АЭХ. Отчего же, знаете. В Средневековье, в Македонии, в последнем меркнущем отсвете классической древности некто по имени Септимий [115] скопировал отрывки старых книг для своего сына; поэтому мы располагаем одним предложением из «Поклонников Ахилла». Любовь, говорит Софокл, как лед в детских руках. Осколок льда, крепко сжатый в кулаке. Я хотел бы помочь вам, но мне это не дано.

Хаусмен. Значит, это любовь. Я приму ее. Мне жаль, что вы несчастливы, но в этом нет моей вины. Чужим несчастьем вашего не излечишь. Вы подадите мне руку?

АЭX. Охотно. (Пожимает протянутую Хаусменом руку.)

Хаусмен. Что случилось в конце с Тезеем и Пирифоем?

АЭX. Это и был конец. Последнее путешествие вело их в Аид; их изловили и заковали в невидимые цепи. Тезей в итоге был освобожден, но ему пришлось оставить друга. В узах, которых не сорвать товарищеской любви.

Хаусмен. Abrumpere [116]здесь неудачно. На его месте я бы сказал «не разъять».

АЭX. На его месте вы бы и Ньюдигейта не выиграли.

Хаусмен.
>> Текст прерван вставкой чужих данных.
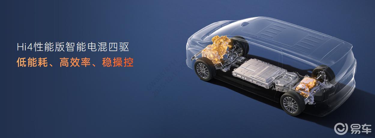 同时,车内配备17.3英寸后排娱乐屏、23扬声器杜比全景声音响及12.5L智能冷暖冰箱,打造沉浸式座舱体验。性能方面,新车标配Hi4性能版智能电混四驱系统,综合功率337kW,零百加速5.7秒,WLTC纯电续航172km,配合全铝五连杆悬架兼顾动力与舒适性。安全设计上,车身采用81.96%高强度钢,A/B柱使用2000MPa热成型钢,电池系统通过89项安全测试,成为首款获中汽中心“零甲醛”认证的MPV。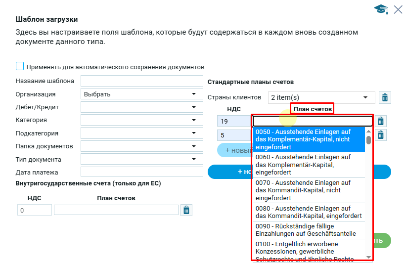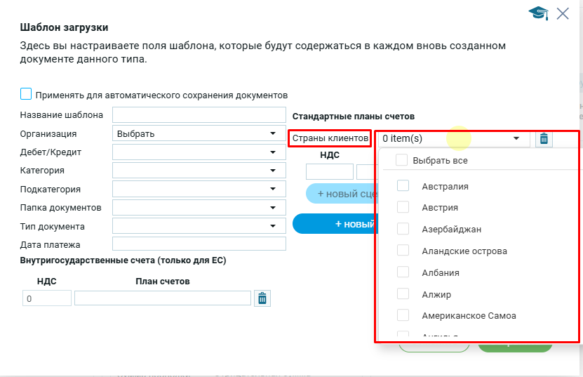 При создании шаблона, пользователь выбирает сначала страны (1) из выпадающего списка стран, для которых будет действовать определенная ставка НДС:

Я и думаю, что мне не выиграть. В этом году тема из Катулла: плач по золотому веку, когда боги спускались навестить нас, пока мы не пошли дорогою зла.

АЭX. Превосходная тема для поэмы. Ложная ностальгия. Рёскин говорил, что до железных дорог в Дербишире было видно, как Музы танцуют перед Аполлоном.

Хаусмен. Где это он говорил?

АЭХ (указывает). Здесь.

Под этой скамейкой есть горшок?

Хаусмен. А?… Нет.

АЭХ. Наверное, это плохая мысль.

Выходит, что мы всегда живем в чьем-то золотом веке, даже Рёскин, который глядит так мрачно. Он – бука: хмурится на все, что ни попадется ему на глаза, и все хмурится ему в ответ. От этого и впрямь лишишься рассудка. Жизнь для Рёскина – как дорожное происшествие: он только и знает, что, беснуясь, зовет врачей, отводит в сторону встречный транспорт и требует обуздать движение законным порядком. В этом соль его искусствоведения.

Хаусмен. В первом семестре в Оксфорде я слушал лекции Рёскина. Конец он принял безумным.

АЭХ. Боюсь, мы можем пойти по кругу.

Встает. Хаусмен подбирает книги. Пейтер и Бал-лиольский Студент входят как прежде.

Пейтер. Очаровательно сказано. Когда вернусь домой, я пристальней взгляну на вашу фотографию.

Уходят.

АЭХ. Так и есть.

Пейтер в чужие дела не лезет, его дело маленькое, он всегда в сторонке. Когда он смотрит на вещь, она тает: Пейтер весь в тонах, резонансах, в переплетениях, в ловле мгновений – и все ради себя. Жизнь не для того, чтобы ее понимать, но чтобы ее сносить и украшать. Из вас выйдет толк, так или иначе. Я тоже уверенно шел на высший балл [117].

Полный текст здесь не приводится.